**AIM OF THE TASK:** Word for word, set down the records and skip each picture.

**Data entries:**
· · · · · · ·
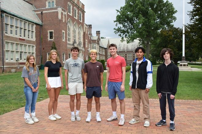 Pictured: Kailee Fino, Linnea Hentschel, John Toal, Dimitri Hanjis, Robert Brown, Austin Waggoner and Sean Jaquette. Not pictured: Ian Acharjee. Photo courtesy of the Bronxville Union Free School District
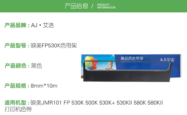 艾洁(AJ) FP530K 打印量8mm*10m 适用映美JMR101 FP 530K 500K 530K+ 530KII 580K 580KII打印机 色带 1.00 盒/只 (计价单位:只) 黑色
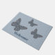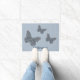 Les ailes et le corps d'un papillon monarque sont décorés de motifs inspirés des motifs sur des pulls que l'on trouve dans les pays nordiques de Norvège, Suède et Finlande, avec des motifs comme des flocons de neige, des montagnes et des arbres à feuillage persistant en blanc, bleu, vert et gris aux accents rouges vifs. Customisez le texte sur ce tapis de porte pour créer une décoration personnalisée pour votre entrée.
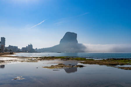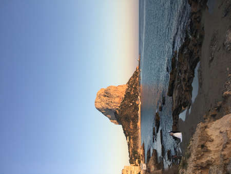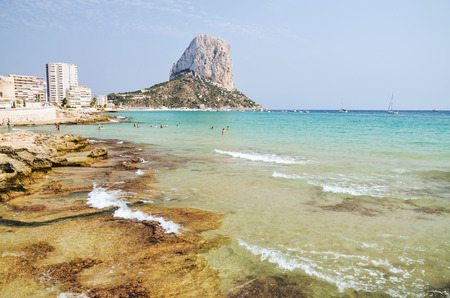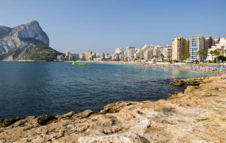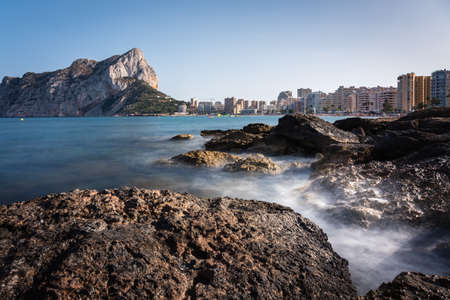 View from the rocks of the coastline with the urban beach of Calpe and the crag in the background, Alicante, Spain
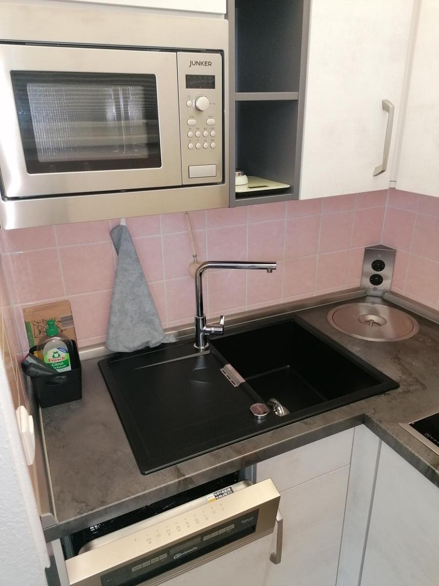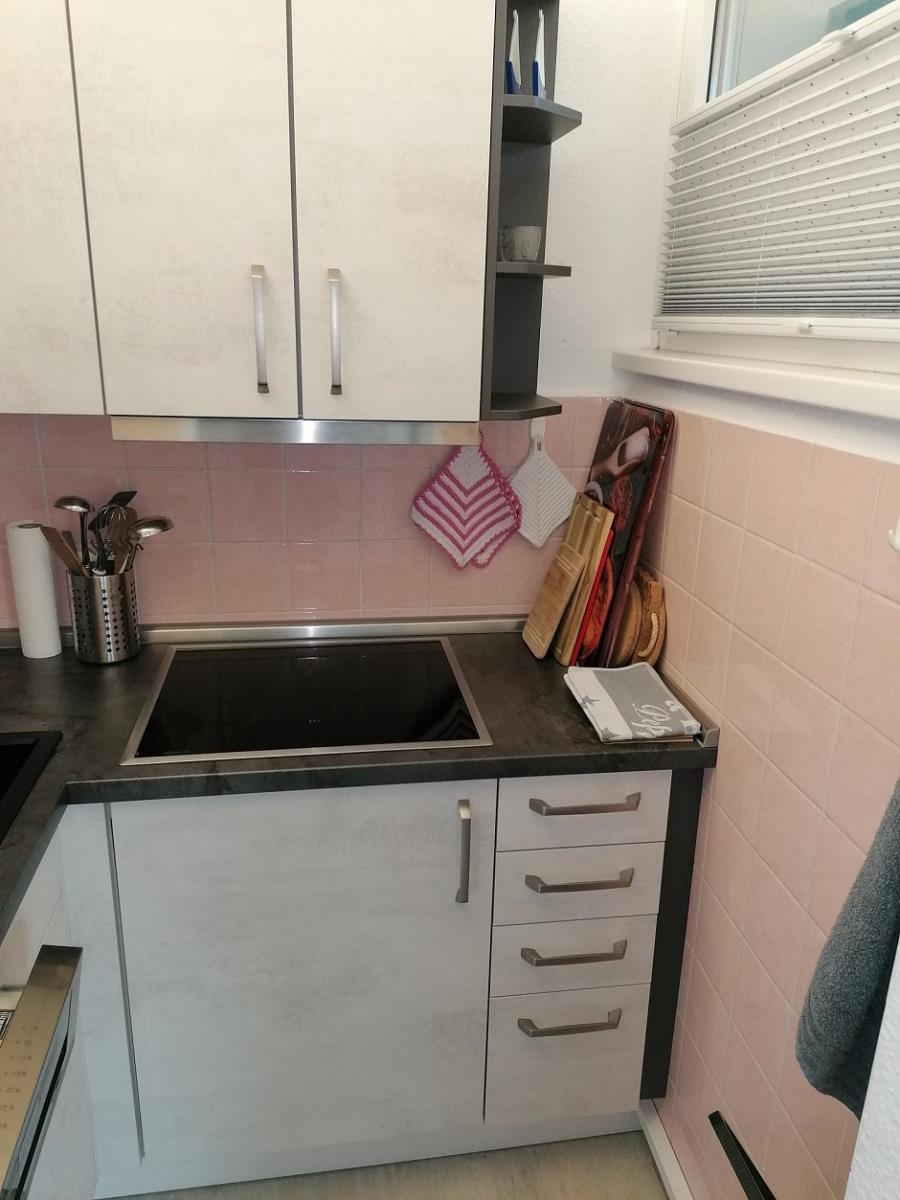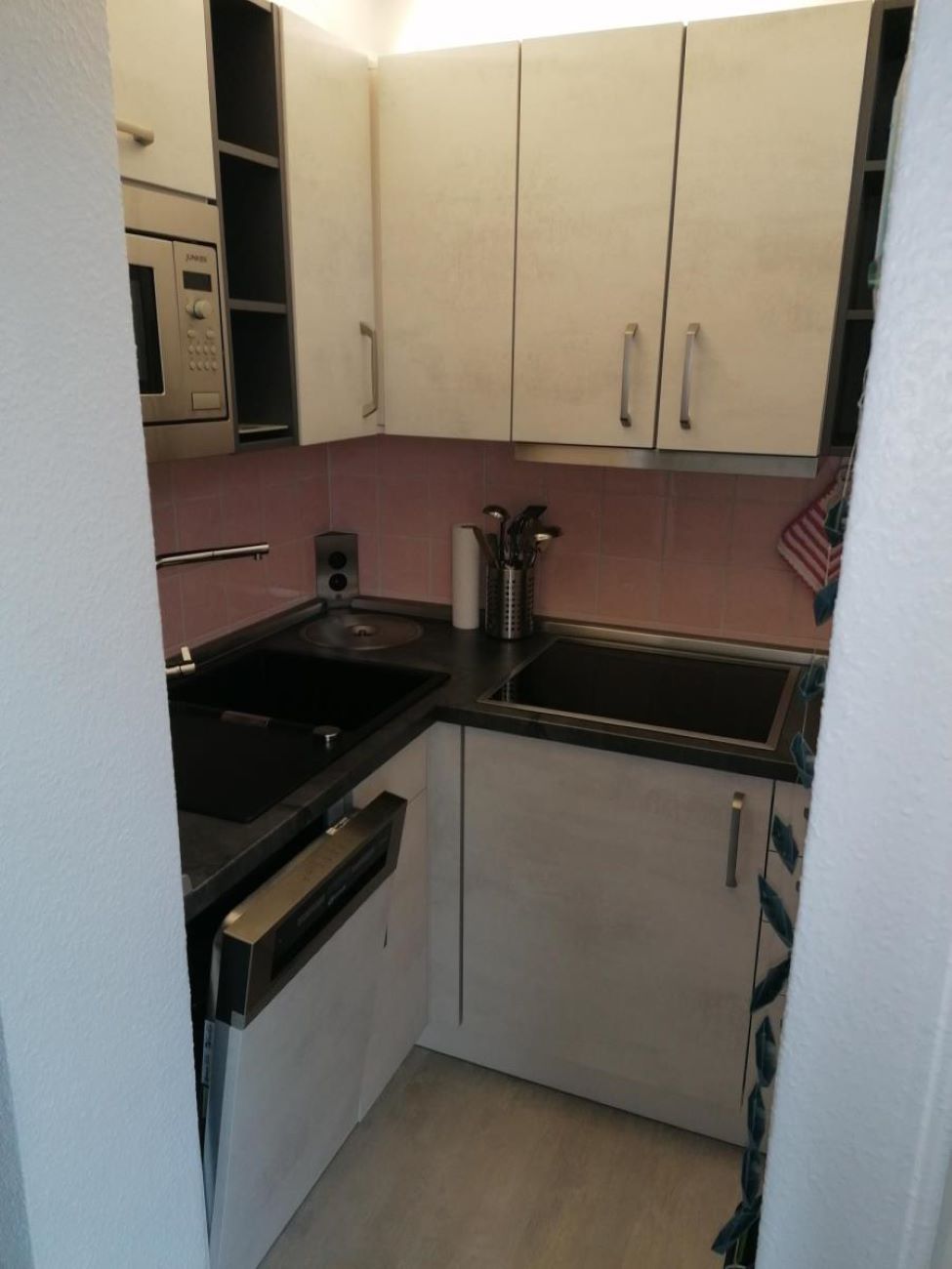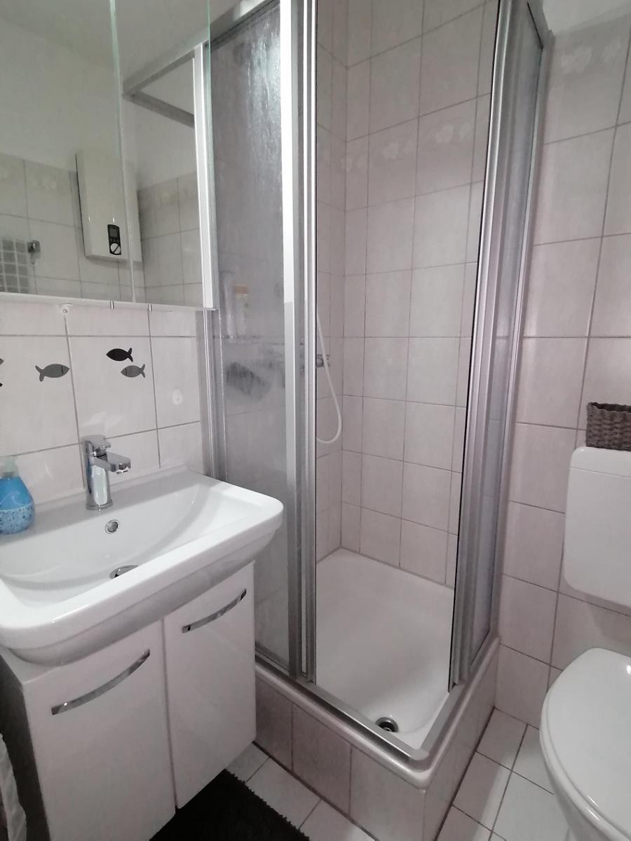 Die separate Einbauküche ist komplett ausgestattet – ideal für Selbstversorger. Im Badezimmer finden Sie Dusche, WC, Waschbecken und Spiegelschrank.
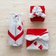 現代風格:紅白的對比色彩既優雅又摩登,能透過包裹動作,展現出「現代的祝賀形式」。
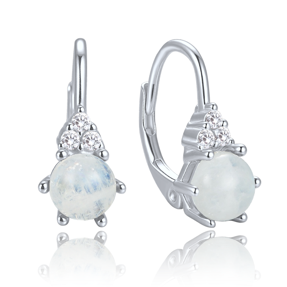 MINET Elegantní stříbrné náušnice s měsíčním kamenem a zirkony
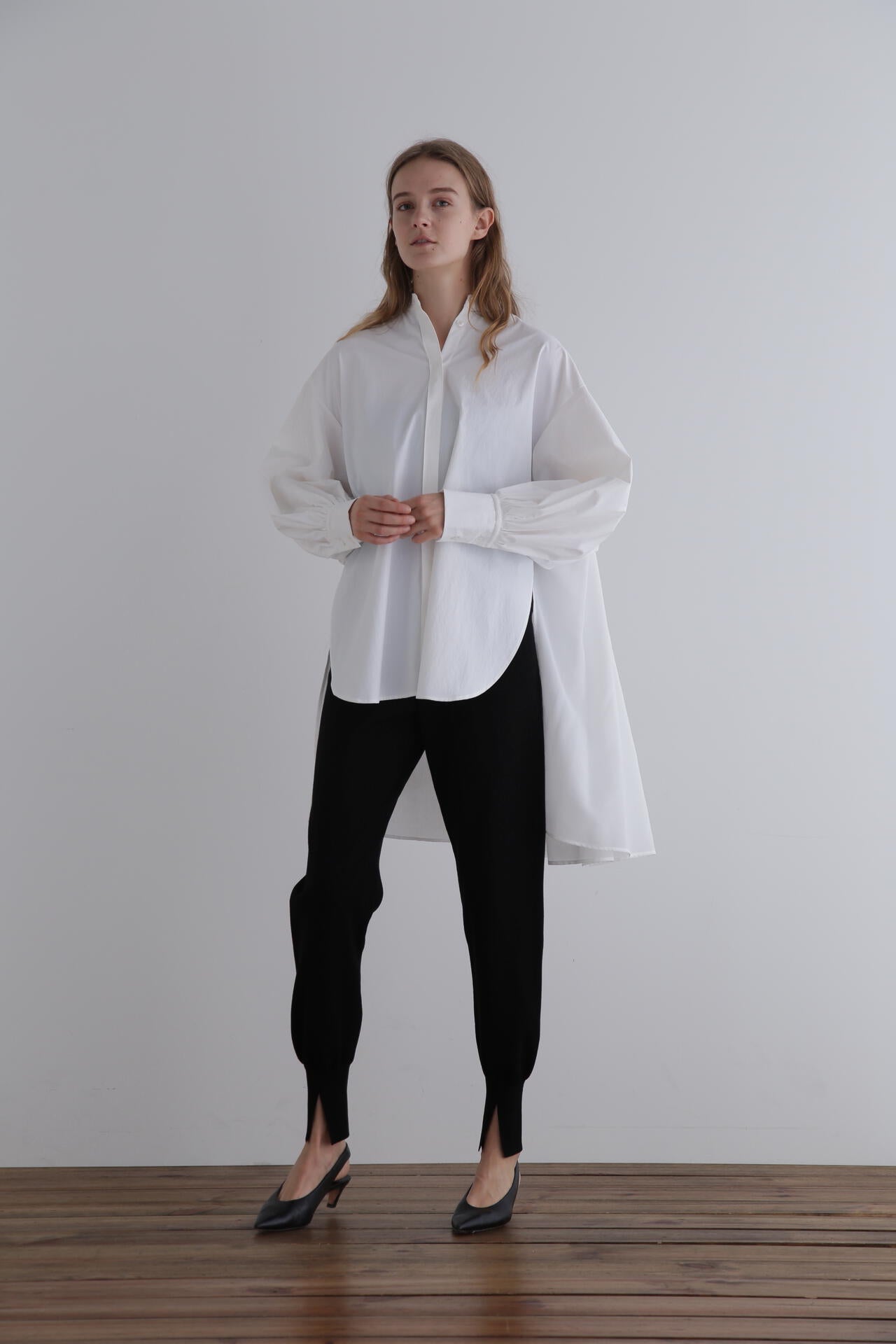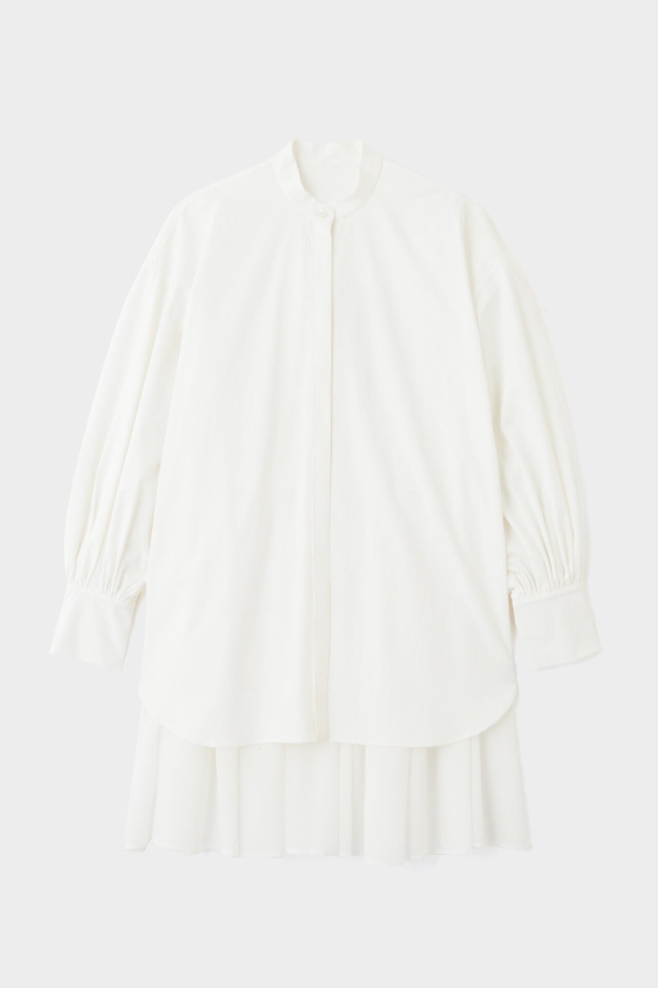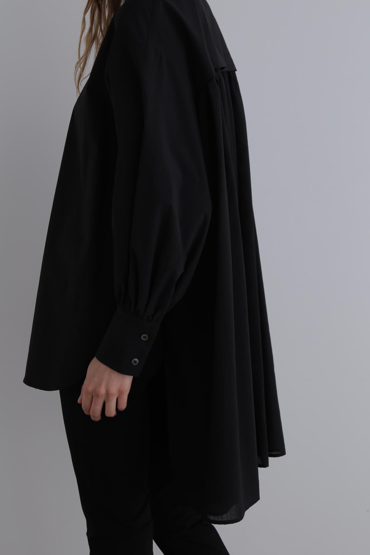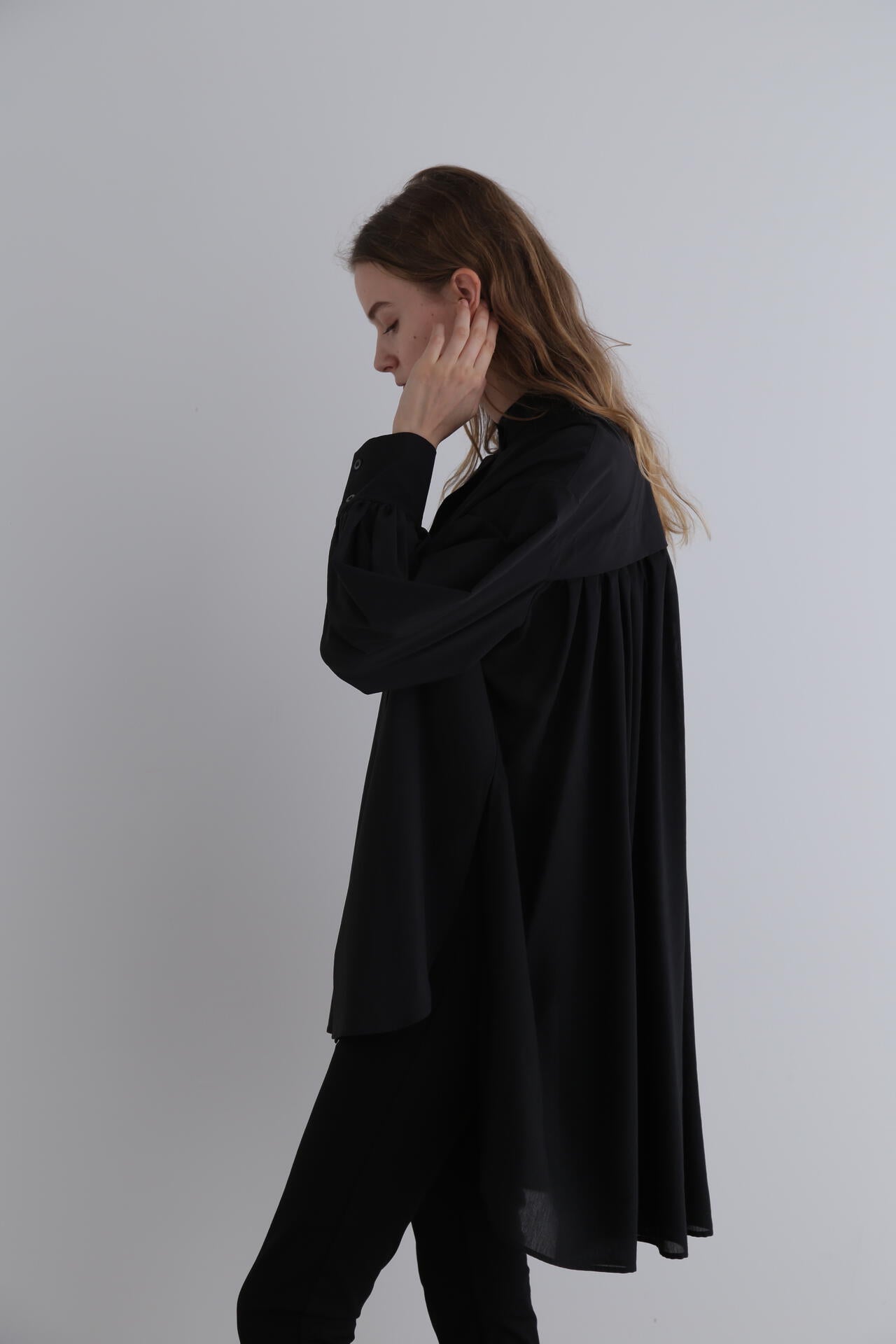 スタンドカラーの端正な雰囲気もありながら、たっぷりと贅沢に生地を使用しドラマティックなシルエットを楽しんでいただけるブラウスです。
· · · · · · ·
**COMPLETED TASK:**
 Pictured: Kailee Fino, Linnea Hentschel, John Toal, Dimitri Hanjis, Robert Brown, Austin Waggoner and Sean Jaquette. Not pictured: Ian Acharjee. Photo courtesy of the Bronxville Union Free School District
 艾洁(AJ) FP530K 打印量8mm*10m 适用映美JMR101 FP 530K 500K 530K+ 530KII 580K 580KII打印机 色带 1.00 盒/只 (计价单位:只) 黑色
 Les ailes et le corps d'un papillon monarque sont décorés de motifs inspirés des motifs sur des pulls que l'on trouve dans les pays nordiques de Norvège, Suède et Finlande, avec des motifs comme des flocons de neige, des montagnes et des arbres à feuillage persistant en blanc, bleu, vert et gris aux accents rouges vifs. Customisez le texte sur ce tapis de porte pour créer une décoration personnalisée pour votre entrée.
 View from the rocks of the coastline with the urban beach of Calpe and the crag in the background, Alicante, Spain
 Die separate Einbauküche ist komplett ausgestattet – ideal für Selbstversorger. Im Badezimmer finden Sie Dusche, WC, Waschbecken und Spiegelschrank.
 現代風格:紅白的對比色彩既優雅又摩登,能透過包裹動作,展現出「現代的祝賀形式」。
 MINET Elegantní stříbrné náušnice s měsíčním kamenem a zirkony
 スタンドカラーの端正な雰囲気もありながら、たっぷりと贅沢に生地を使用しドラマティックなシルエットを楽しんでいただけるブラウスです。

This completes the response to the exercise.